- _Task statement_: Given these entries, repeat exactly the lines starting with the one that has "Центральный парк культуры" and going on through the one that has "Cofre-forte série Vulcain", both included, but none of the pictures.

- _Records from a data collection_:
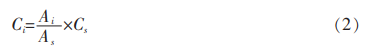 定量分析方式:在5mL發(fā)醇試品中加上濃度值為0.01μg/L的內標物1,2-二氯苯水溶液50μL,試品中各成分口味成分的濃度值可帶入公式計算(2)測算:
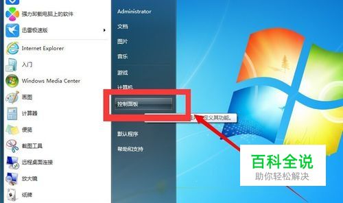 打开开始菜单,点击“控制面板”
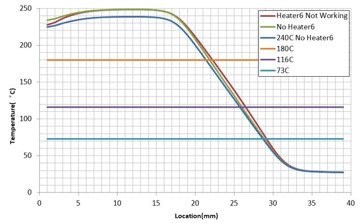 上文中提到,仿真結(jié)果需要體現(xiàn)輸料管中的溫度分布,故在后續(xù)工藝時對輸料管的溫度隨位置變化的曲線進行展示如下。
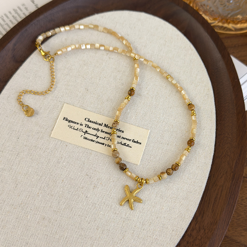 새로운 중국 골동품 스타일 매칭 액세서리 다채로운 쉘 원통형 돌 불가사리 펜던트 목걸이 패션 새로운 짧은 목걸이
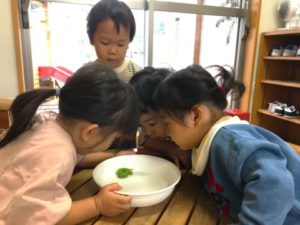 ブロックや積み木・絵本など好きな遊びに夢中になっていると、保育園に突然緑色のお客様がいらっしゃいました。緑色の正体はなんと大きな幼虫!5月から子どもたちが育てているさつまいもの葉をいっぱい食べ、大きくなった幼虫が保育園のゴミ箱までやってきたようです。そんな幼虫をトレーに入れ、子どもたちが見える所に置いてみると、「わぁ!きもちわるい!!」と突然現れた幼虫にビックリ仰天!頭を抱えながら「わぁ~~!うごいた!」と何とも可愛らしい姿も見られます。怖がりながらも、気になる幼虫。指でつんっと触れてみたり、中には掴んでみようと挑戦してみたりするお友だちも。「くるんってなったよ!」とひっくり返っても器用にくるっと元通りになる幼虫をじっくり観察したり、「これ!みどりー!」と色に注目して見てみたり、虫の図鑑を見ながら「これいっしょ!」「あった!」と幼虫と照らし合わせるな幼虫に夢中になる子どもたちでした。
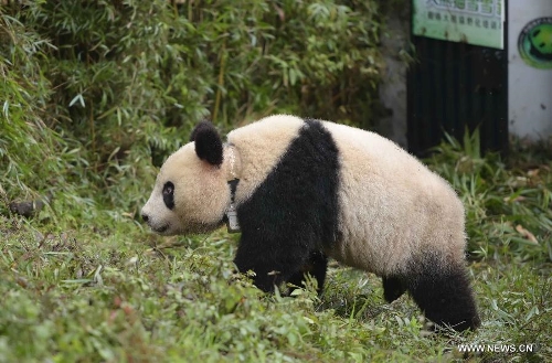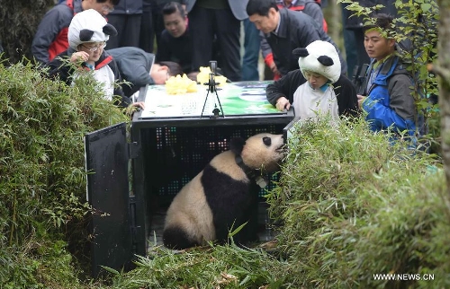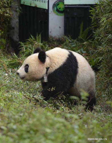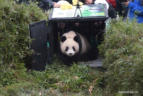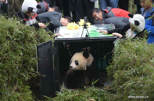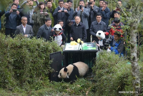Giant panda Xue Xue is released into the wild at the Liziping Natural Reserve in Shimian, Southwest China's Sichuan Province, Oct. 14, 2014. After two years' training in habitat selection, foraging, and avoiding natural enemies, the two-year-old female is believed to be able to survive in the Liziping Natural Reserve. Xue Xue is the fourth panda released into the wild after Xiang Xiang, Tao Tao and Zhang Xiang. (Xinhua/Xue Yubin)
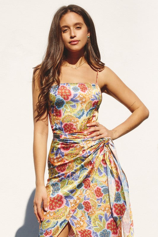 This top is seriously meant to be with the birdie wrap skirt! We love the tropical and colorful satin print to add some good vibes to just about any fit!
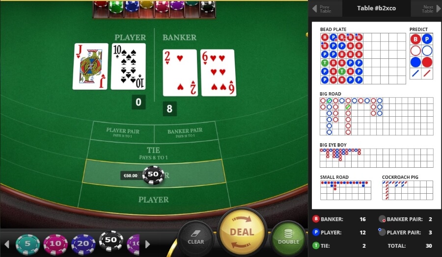Multiple Roadmaps, Choice of Tables, Player/Banker Pair Side Bets |
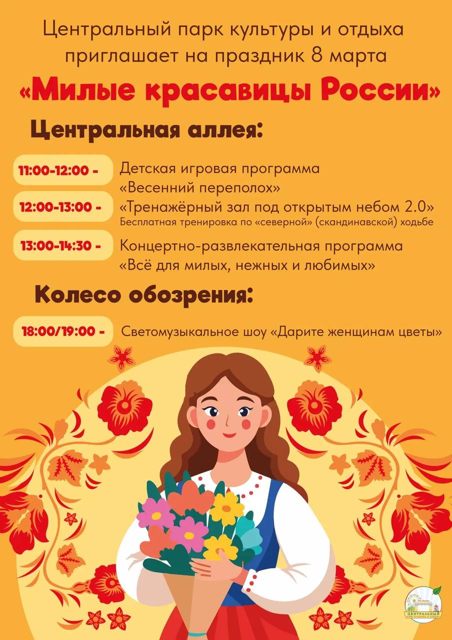 Центральный парк культуры приглашает вас провести этот чудесный день вместе с ними на празднике «Милые красавицы России»!
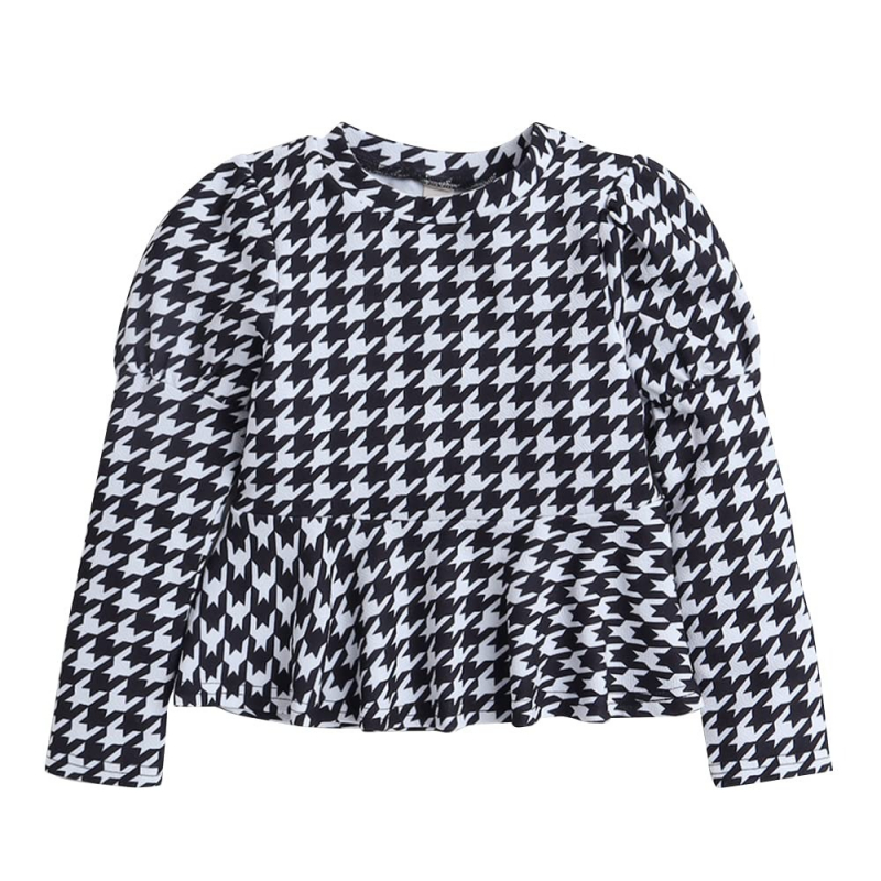 الحجلة الفتيات البوليستر Houndstooth طباعة بلوزة وتنورة مجموعة في اللون الأسود
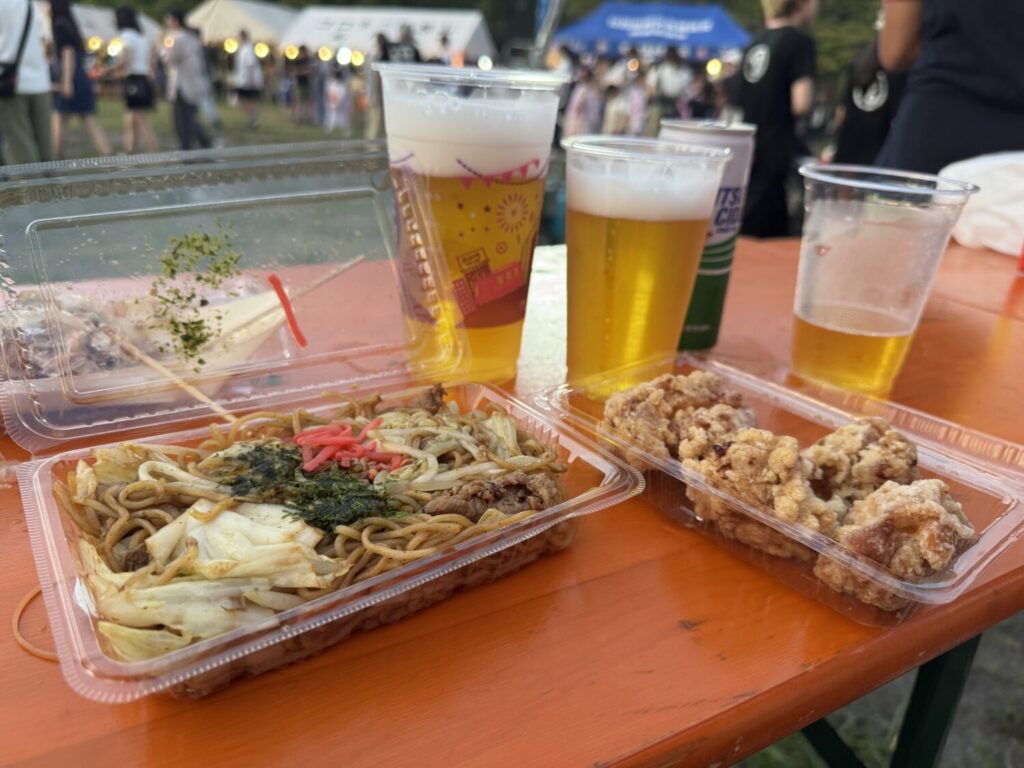 広々とした公園の真ん中には櫓(やぐら)が設置され、その周辺にはテーブルが。そして、公園の端を囲うようにして多くの出店が並びます。立ったままだと食べ物を落としたり人にぶつかったりすることがあるので、落ち着いて飲食できるのは嬉しい配慮です。
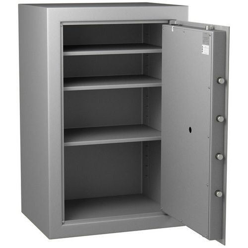 Cofre-forte série Vulcain de 40 a 205 litros. Proteção anti-intrusão em conformidade com a norma alemã VDMA, nível B. Blindagem antiperfuração em manganês do sistema de bloqueio. Prateleira regulável em altura. Entrega mediante agendamento prévio no local definido pelo cliente com recolha de embalagens para reciclagem. Rés-do-chão com um máximo de 2 degraus ou andar com elevador. Máximo de 20 metros de distância. Para todos os pedidos de entrega mais específicos, contacte o nosso serviço de apoio ao cliente (locais de acesso difícil, íngremes ou adversos). VDS
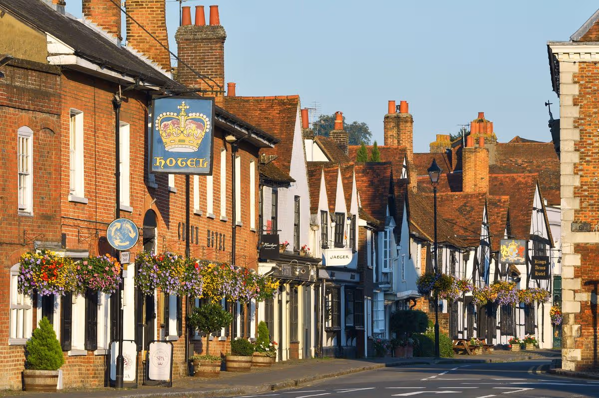 Amersham market town in Buckinghamshire is accessible via the Metropolitan Line and offers Cotswolds-style charm with cobblestone streets, timber-framed cottages and rolling hills
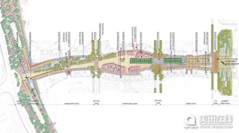 步行街的景觀設(shè)計(jì)中融入了現(xiàn)代元素和法國(guó)古典風(fēng)格。高大的銀杏樹沿著商店前的街道排成一排,讓住宅大廈自然地過(guò)渡到街道花園;四季常青的樟樹和城市的硬邊環(huán)境形成鮮明的對(duì)比,這些樹組成了一個(gè)全年的迎客“天篷”;而每年落的櫻樹能讓你欣賞四季不同的景色。為了能刺激人們的各種感覺(jué),景觀設(shè)計(jì)師在設(shè)計(jì)中也采用了一些芬香植物,如桂花樹,細(xì)小的黃色花朵能散發(fā)出成熟桃子和杏子的香味。
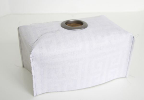 Em seguida, una as bordas dos cantos e costure sua capa em formato retangular usando uma margem de costura de 0,6 cm. Assegure-se de começar a costurar pela parte central da capa e ir trabalhando em direção à borda inferior da capa. E teste na caixa para ver se está tudo certo. Se estiver, faça um zigue-zague nas sobras para não desfiar.
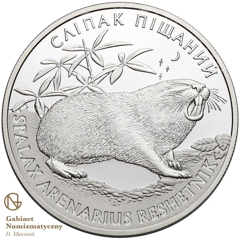 A rodent is depicted against plants (left) with inscriptions: СЛІПАК ПІЩАНИЙ above and SPALAX ARENARIUS RESHETNIK below.

- _Solution below_:
 Центральный парк культуры приглашает вас провести этот чудесный день вместе с ними на празднике «Милые красавицы России»!
 الحجلة الفتيات البوليستر Houndstooth طباعة بلوزة وتنورة مجموعة في اللون الأسود
 広々とした公園の真ん中には櫓(やぐら)が設置され、その周辺にはテーブルが。そして、公園の端を囲うようにして多くの出店が並びます。立ったままだと食べ物を落としたり人にぶつかったりすることがあるので、落ち着いて飲食できるのは嬉しい配慮です。
 Cofre-forte série Vulcain de 40 a 205 litros. Proteção anti-intrusão em conformidade com a norma alemã VDMA, nível B. Blindagem antiperfuração em manganês do sistema de bloqueio. Prateleira regulável em altura. Entrega mediante agendamento prévio no local definido pelo cliente com recolha de embalagens para reciclagem. Rés-do-chão com um máximo de 2 degraus ou andar com elevador. Máximo de 20 metros de distância. Para todos os pedidos de entrega mais específicos, contacte o nosso serviço de apoio ao cliente (locais de acesso difícil, íngremes ou adversos). VDS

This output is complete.